*** Begin section ***
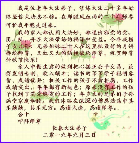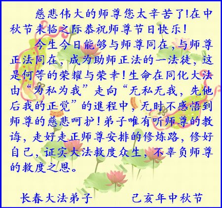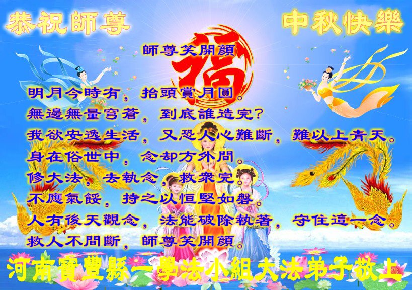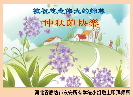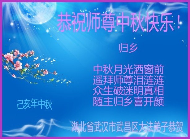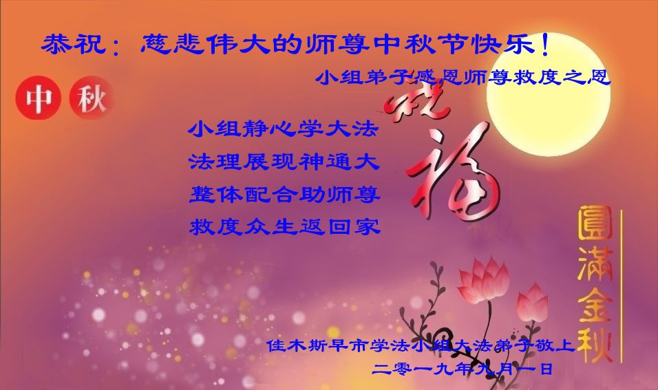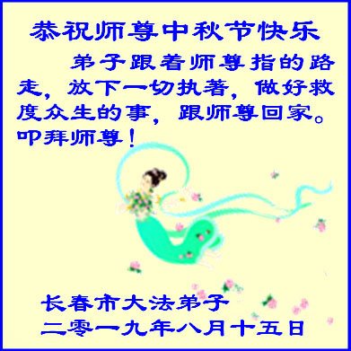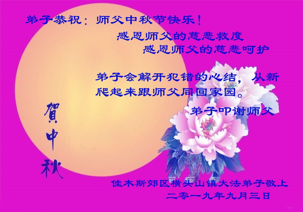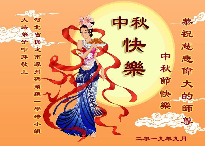 <英文版: http://en.minghui.org/html/articles/2019/9/11/179384.html>中国大陆民众敬祝李大师中秋节快乐
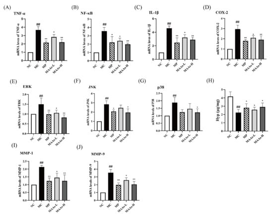 The effects of MAAs on the mRNA levels of inflammation and skin degradation-related genes and the content of hydroxyproline (Hyp) in skin tissue: (A–D) mRNA expression of TNF-α, NF-κB, IL-1β, and COX-2; (E–G) mRNA expression of ERK, JNK, and p38 kinase; (H) the content of Hyp; (I,J) mRNA expression of MMP-1 and MMP-9 (## p < 0.01, compared with the NC group; * p < 0.05, ** p < 0.01, compared with the model group). NC represents the normal group, MC represents the model group, MP represents the positive group, MAAs-L represents the low-dose MAA group and MAAs-H represents the high-dose MAA group. NF-κB, nuclear factor-κB; COX-2, cyclooxygenase-2; TNF-α, tumor necrosis factor-α; IL-1, interleukin 1; MMP-1, matrix metalloproteinases-1; ERK, signal-regulated kinase; JNK, c-Jun amino-terminal kinase.
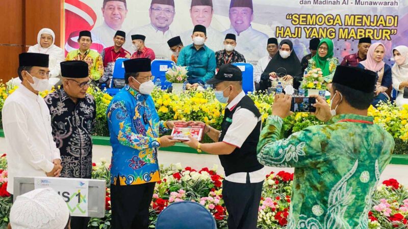 BANJARMASIN, Kaltengtimes.co.id – Sekretaris Daerah Provinsi Kalimantan Tengah H. Nuryakin berpesan agar Jemaah Calon Haji memperhatikan beberapa hal, antara lain menyiapkan diri sebaik-baiknya, beradaptasi, dan membaur dengan seluruh Jemaah Calon Haji yang lainnya, dengan situasi dan kondisi yang ada di negara tersebut. “Hendaknya ibadah haji yang nanti saudara-suudari laksanakan akan bermuara pada perubahan perilaku dan mental spiritual, bukan hanya menjadi lebih baik bagi diri sendiri, tetapi juga bagi orang lain, daerah, bangsa, dan negara,” tutur H. Nuryakin saat melepas secara resmi keberangkatan Jemaah Calon Haji Prov. Kalteng Kloter 5 Embarkasi Banjarmasin Tahun 1443 H/2022 M. Acara pelepasan berlangsung di Aula Jeddah Asrama Haji Embarkasi Banjarmasin, Kalimantan Selatan, Sabtu (18/6) malam.
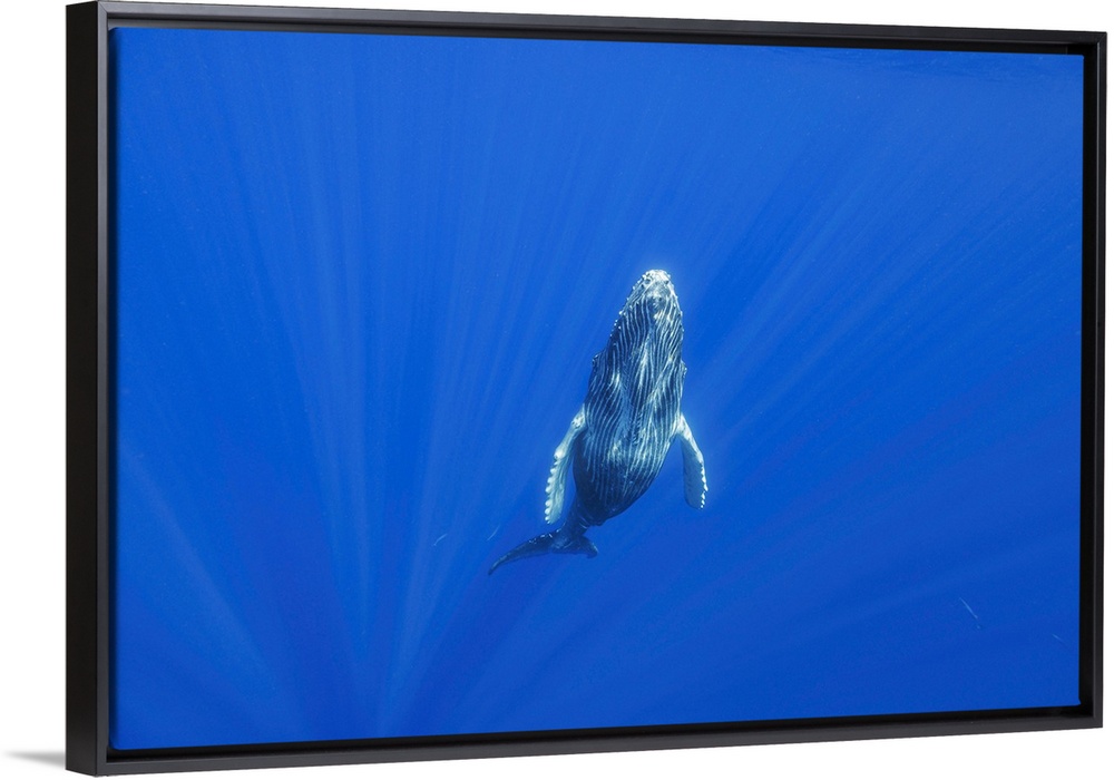 <p>This curious humpback whale calf (megaptera novaeangliae) investigated the diver on the surface before returning to it's mother below, Hawaii, united states of America.</p>
*** End section ***
## WHAT TO WORK ON
Pictures stay out of the answer; the rest of the listing above is returned exactly.

## TASK RESPONSE
 <英文版: http://en.minghui.org/html/articles/2019/9/11/179384.html>中国大陆民众敬祝李大师中秋节快乐
 The effects of MAAs on the mRNA levels of inflammation and skin degradation-related genes and the content of hydroxyproline (Hyp) in skin tissue: (A–D) mRNA expression of TNF-α, NF-κB, IL-1β, and COX-2; (E–G) mRNA expression of ERK, JNK, and p38 kinase; (H) the content of Hyp; (I,J) mRNA expression of MMP-1 and MMP-9 (## p < 0.01, compared with the NC group; * p < 0.05, ** p < 0.01, compared with the model group). NC represents the normal group, MC represents the model group, MP represents the positive group, MAAs-L represents the low-dose MAA group and MAAs-H represents the high-dose MAA group. NF-κB, nuclear factor-κB; COX-2, cyclooxygenase-2; TNF-α, tumor necrosis factor-α; IL-1, interleukin 1; MMP-1, matrix metalloproteinases-1; ERK, signal-regulated kinase; JNK, c-Jun amino-terminal kinase.
 BANJARMASIN, Kaltengtimes.co.id – Sekretaris Daerah Provinsi Kalimantan Tengah H. Nuryakin berpesan agar Jemaah Calon Haji memperhatikan beberapa hal, antara lain menyiapkan diri sebaik-baiknya, beradaptasi, dan membaur dengan seluruh Jemaah Calon Haji yang lainnya, dengan situasi dan kondisi yang ada di negara tersebut. “Hendaknya ibadah haji yang nanti saudara-suudari laksanakan akan bermuara pada perubahan perilaku dan mental spiritual, bukan hanya menjadi lebih baik bagi diri sendiri, tetapi juga bagi orang lain, daerah, bangsa, dan negara,” tutur H. Nuryakin saat melepas secara resmi keberangkatan Jemaah Calon Haji Prov. Kalteng Kloter 5 Embarkasi Banjarmasin Tahun 1443 H/2022 M. Acara pelepasan berlangsung di Aula Jeddah Asrama Haji Embarkasi Banjarmasin, Kalimantan Selatan, Sabtu (18/6) malam.
 <p>This curious humpback whale calf (megaptera novaeangliae) investigated the diver on the surface before returning to it's mother below, Hawaii, united states of America.</p>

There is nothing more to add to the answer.